Freya Newman garnered significant support when she faced the Downing Centre facing charges after she hacked into the Whitehouse system and discovered that the scholarship given to Tony Abbott’s daughter came about in dubious circumstances.
Working in her part time job as a librarian at the Whitehouse institute, the UTS student accessed the institute’s system using the login details of another staff member.
She resigned immediately after uncovering the incriminating evidence.
The two sides of the debate are polarised: while many have expressed support and sympathy for Ms Newman, declaring her conduct should not even be liable to prosecution, the criminal justice system has another position.
Ms Newman has been charged with unauthorised access to restricted data, which is an offence under section 308H of the NSW Crimes Act.
Newman did not know she was breaking the law, let alone that her conduct would expose her to criminal charges and a maximum prison sentence of two years.

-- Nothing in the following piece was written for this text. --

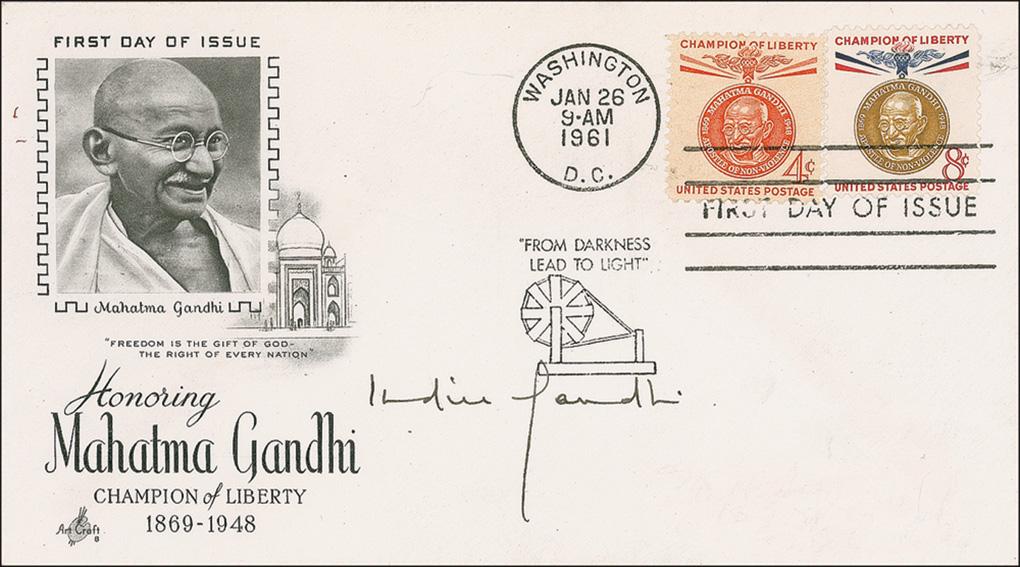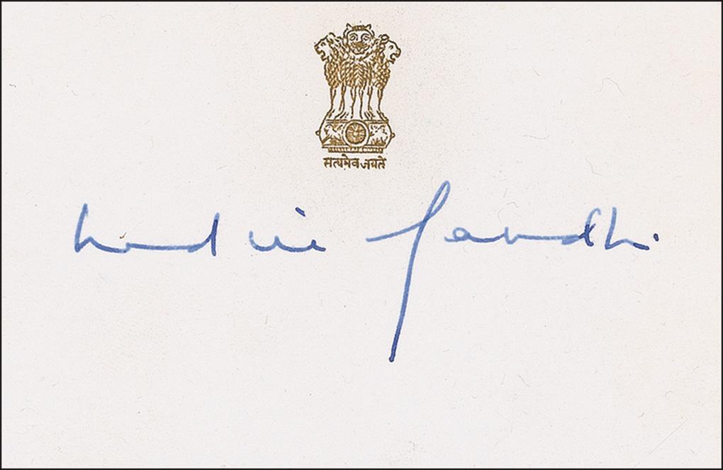 Two items: an FDC bearing a cachet honoring Mahatma Gandhi, signed in black ink; and a blue ballpoint signature on an embossed 3.75 x 2.5 off-white card. Accompanied by the original mailing envelope and 1983 letter from the Prime Minister’s Office acknowledging the signature. In fine condition.

Ignorance of the law is no excuse, and police are pushing for a criminal conviction.
Ms Newman’s lawyer argues that a conviction should not be recorded against her name, as she has already been punished enough by being in the public eye and the backlash she has received.

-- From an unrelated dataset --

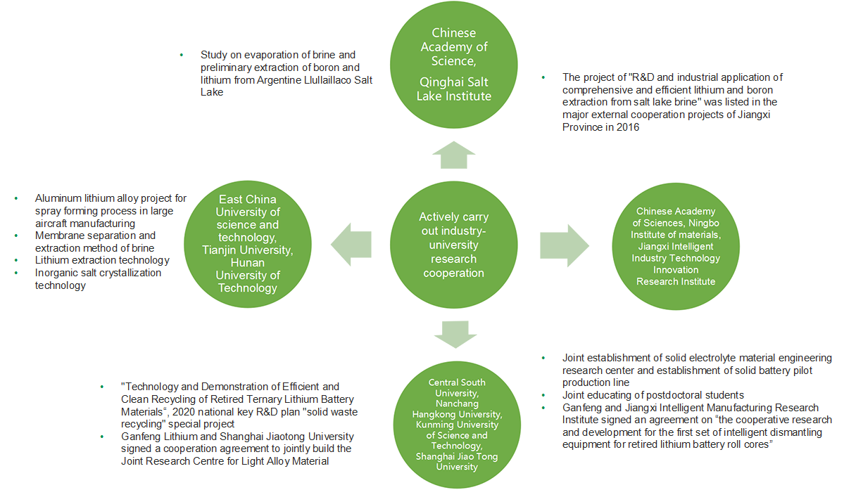 Ganfeng upholds the concept of "openness, cooperation, and win-win", and actively develop in-depth integration of production, education, research and use with universities or scientific research institutions, forming a set of practical and effective innovation cooperation mechanisms. The Company jointly builds scientific research institutions at the national and provincial levels to undertake major scientific and technological projects, and perform joint technological research. These efforts have enhanced the company's scientific and technological innovation capabilities, and won the title of "Jiangxi Foreign Cooperation Base and Intelligence Introduction Demonstration Base".

While Ms Newman pleaded guilty, she has not yet been sentenced.
She will return to court on November 25 for sentencing.
Because the Whitehouse is not a public institution, Ms Newman is not protected by legislation that may otherwise have shielded her.
The Public Interest
Public interest intersects with the criminal justice system in several places.
According to prosecution policies, people should not be prosecuted if it is not in the public interest to do so, and acting for the benefit of the public may therefore override countervailing considerations that might push for punishment.
Of course, whether or not revealing a particular piece of information is in the public interest is often subjective matter where different minds may come to different conclusions.
Some have argued that the ‘scholarship’, while questionable from a moral standpoint, was not illegal and therefore isn’t the sort of thing that should be covered by whistleblower protection.
What is whistleblower protection?
The idea behind whistleblower protection is to encourage those who see wrongdoing in the public sector taking place to come forward without having to risk their own jobs or other negative consequences.
Encouraging people to come forward means that wrongful behaviour is more likely be reported and appropriately investigated.
Australia’s protection of whistleblowers has been criticised as lagging in comparison with other G20 countries.
As the Newman case shows, those who divulge information about corruption at private institutions do not enjoy the same protection as public institutions.
Under the Public Disclosure Act 2013, public officers who report will be given anonymity and immunity both from civil and criminal liability as well as protection against any administrative action, including disciplinary action.
However, even the introduction of this law was not enough to allay all fears.
There are significant groups of people who are not protected, including those in the private sector and employees who are not public officers.
It is clear that there are policy reasons behind the decision to protect those who speak up and report wrongdoing, as well as policy reasons for limiting the protection.
As to the latter, the argument is that if the protection were too wide, privacy and commercial secrets could be unjustifiably compromised through unwarranted disclosures of trivial information.